Schutz, Brücken und Städte, Verkehrsweg, Energiegewinnung und Abfallentsorgung: Immer stand die Mur im Mittelpunkt. Eine kleine Kulturgeschichte auf den Spuren einer Ausstellung.#


Von Robert Engele mit freundlicher Genehmigung der Kleinen Zeitung


Tiertränke auf der Kühtratte am linken Murufer um 1833. Gemälde von Jakob Alt
Tiertränke auf der Kühtratte am linken Murufer um 1833. Gemälde von Jakob Alt
(KK)
Murüberschwemmung 1827 in Graz
Murüberschwemmung 1827 in Graz
(KK)
Zusammenfluss von Mur (braunes Wasser von rechts) und Drau 2009 bei Legrad
Zusammenfluss von Mur (braunes Wasser von rechts) und Drau 2009 bei Legrad
(KK)
Seit der Altsteinzeit lassen sich schon vereinzelt menschliche Spuren entlang der Mur nachweisen. Hinweise auf frühe jungsteinzeitliche Siedlungen gibt es im Gebiet um Graz (Repolusthöhle, Badlhöhle, Zigeunerloch), im Leibnitzer Feld und in Mureck.

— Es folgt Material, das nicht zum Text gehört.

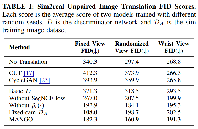 Table 1을 보면 일단 MANGO는 Randomized View test set에서 가장 낮은 FID를 보여주었습니다. 저자들은 특히 discriminator 설계가 모든 test set에서 FID에 가장 큰 영향을 미쳤다고 설명했습니다. 또한 SegNCE loss를 제거하거나 modified PatchNCE의 scoring function 을 사용하지 않을 경우, FID가 크게 악화됨을 보였습니다. 이를 통해 저자들은 viewpoint-preserving translation에는 SegNCE, modified PatchNCE, 그리고 강하게 regularized된 discriminator가 모두 필수적이라고 결론지었습니다. 저자들은 Table 1의 FID 값이 일반적인 computer vision benchmark보다 높은 이유로 robotics scene이 out-of-distribution이며 test set 규모가 작기 때문이라고 합니다.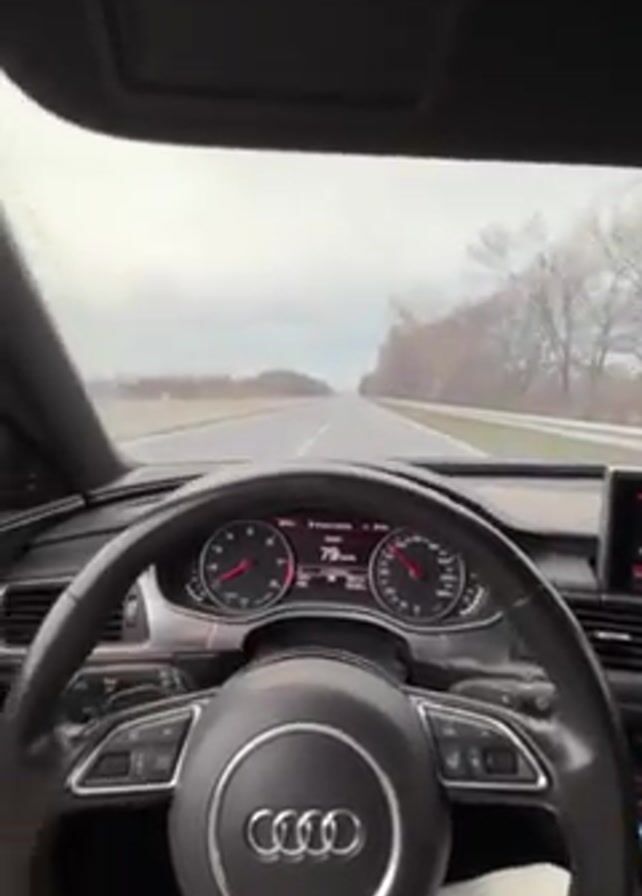 A first-person perspective video shows the interior of a moving car, likely an Audi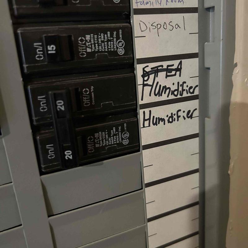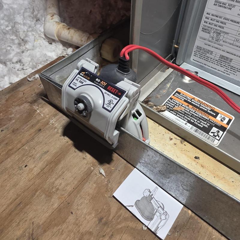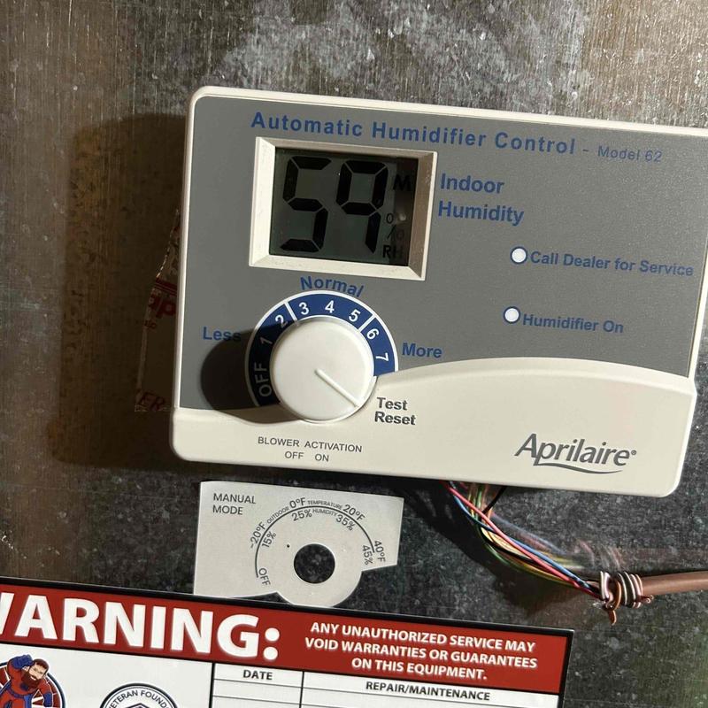 A technician in Stafford, VA supported a county inspection by meeting the inspector on site, providing attic access with a ladder, replacing a 20-amp breaker for a steam humidifier, and installing a knob for the humidistat. This work ensured system functionality and inspection readiness.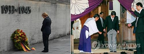 | △ 앙겔라 메르켈 독일 총리(사진 왼쪽,AP)가 2013년 8월 20일 다하우 나치 강제수용소를 방문해 헌화한 뒤 묵념하고 있다. 다하우 수용소는 1933년 나치에 의해 정치범 수용소로 세워졌다. 이곳에서는 1945년 4월29일 연합군에 의해 해방되기까지 20만명이 넘는 유대인과 정치범이 수용됐고 4만3천명 이상이 숨졌다. 오른쪽 사진(EPA)은 일본의 아베 신조(安倍晋三) 총리가 2012년 10월 17일 도조 히데키(東條英機) 등 제2차 세계대전 A급 전범이 합사된 야스쿠니(靖國) 신사를 참배한 뒤 나오는 모습이다.(AP EPA=연합뉴스DB) |

Denn der Fluß spendete Trink- und Nutzwasser, sorgte für Nahrung, wurde als Barriere zur Verteidigung genutzt und diente auch als schneller Verkehrsweg in einer Zeit, in der es kaum Straßen gab. Die Mur (slowenisch, kroatisch, ungarisch: Mura) entspringt im Salzburger Lungau in fast 1900 Meter Höhe und durchfließt Österreich, Slowenien, Kroatien und Ungarn. Nach 450 Kilometern mündet sie an der ungarisch-kroatischen Grenze bei Legrad in die Drau. Folgt man der indogermanischen Sprachwurzel des Namens, bedeutet Mur so viel wie „stehendes Wasser“ oder „Sumpf“.

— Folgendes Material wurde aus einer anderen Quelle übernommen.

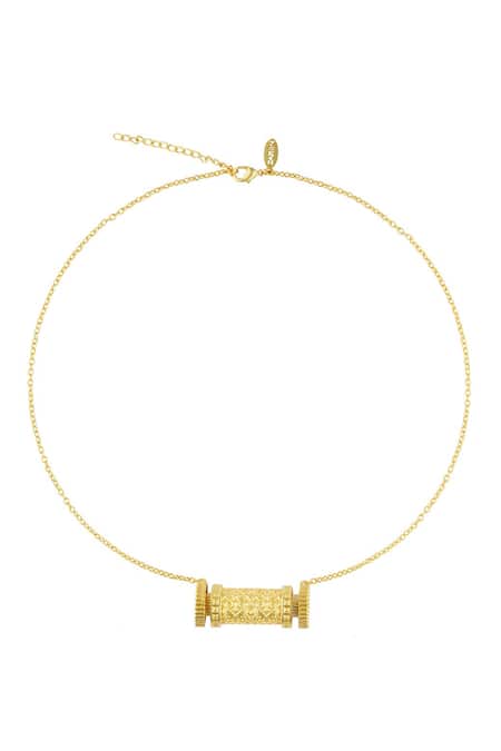 Gold pendant necklace featuring an embossed cylindrical scroll center motif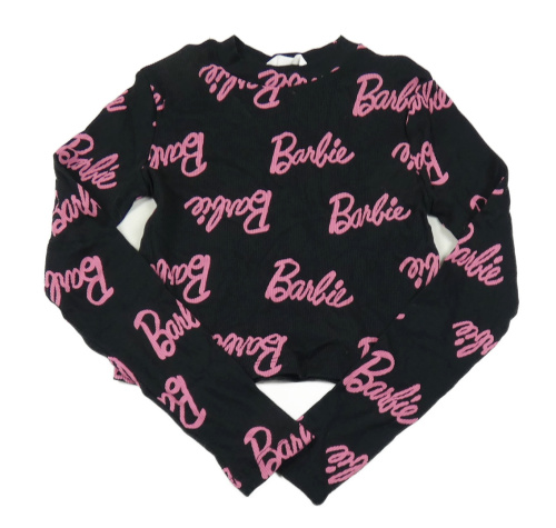 Čierne rebrované crop tričko s nápisy - Barbie H&M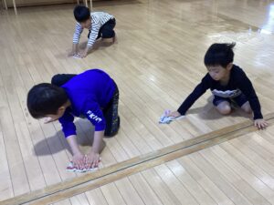 大掃除を行いました。大掃除をすることで年神様がたくさんの福徳を授けてくださるといわれています。 広間や下駄箱、おもちゃ、ロッカーなど自分たちが日々使っているものをきれいにしました。 「埃がたくさんだよ」「ここも掃除するの?」と話しながら、1年間使ってきた場所や物に「ありがとう」の気持ちを込めて、丁寧に取り組む姿が見られました。きれいになった園内で、気持ちよく新しい年を迎えたいと思います。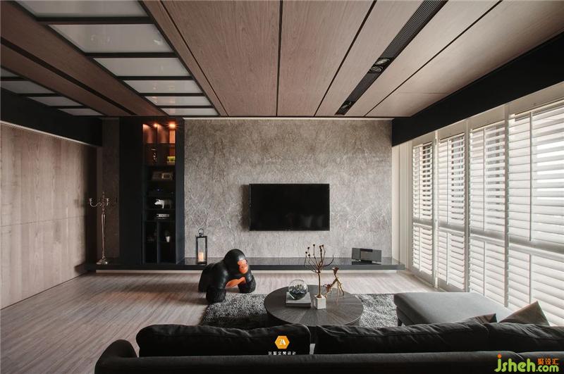 緊接著來到客廳,首先將視線吸引住的便是造型獨特的天花造型,以及時尚大氣的電視背景墻;天花以木質(zhì)地為主要飾面,搭配等分的玻璃格子造型和金屬勾勒,奠定了空間中的時尚意趣基調(diào),豐富了空間層次感;電視背景墻以大面石材建構,簡簡單單,與天花的多樣形成鮮明的對比,不僅讓視覺的感受多樣化,同時也讓空間充滿時尚簡約的氣息。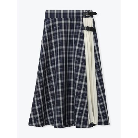 [型番:26550736845]チェック柄と配色プリーツの切り替えが目を引くミディ丈スカート。広がりすぎないフレアラインで、バランスよく取り入れやすい一枚です。コンパクトなニットやリブトップスを合わせるとウエスト周りがすっきり見え、シャツを合わせる場合は前だけインするとバックルデザインが引き立ちます。

Nach der Zeit der Völkerwanderung und der Wiederbesiedlung unserer Region war die Mur ein ganz entscheidender Faktor für die Gründung von Siedlungen, die im Laufe der Zeit zu Städten wurden. Bruck („Ad pruccam“) wird 860 erstmals als Siedlung belegt und wuchs über Jahrhunderte zu einem wichtigen Knotenpunkt heran. Judenburg entstand im 11. Jahrhundert aus einer Kaufmannssiedlung und erlangte im Spätmittelalter seinen wirtschaftlichen Höhepunkt. Leoben („Liupina“) wurde 904 erstmals genannt. Nach Verlegung der Stadt in die „Murschleife“ durch König Ottokar II. von Böhmen, der fast 20 Jahre bis 1276 auch über die Steiermark herrschte, erfolgte 1314 ihre erste Nennung als Eisenhandelsplatz. Frohnleiten wurde um 1280 gegründet - nach dem Bau der Murbrücke. Im frühen 12. Jahrhundert wurde der Name Graz erstmals urkundlich erwähnt, 1150 erhielt die Siedlung die Markt- und um 1230 die Stadtrechte. Vor dem Murtor befand sich die bis 1787 einzige Murbrücke der Stadt, die Hauptbrücke, heute Erzherzog Johann-Brücke genannt.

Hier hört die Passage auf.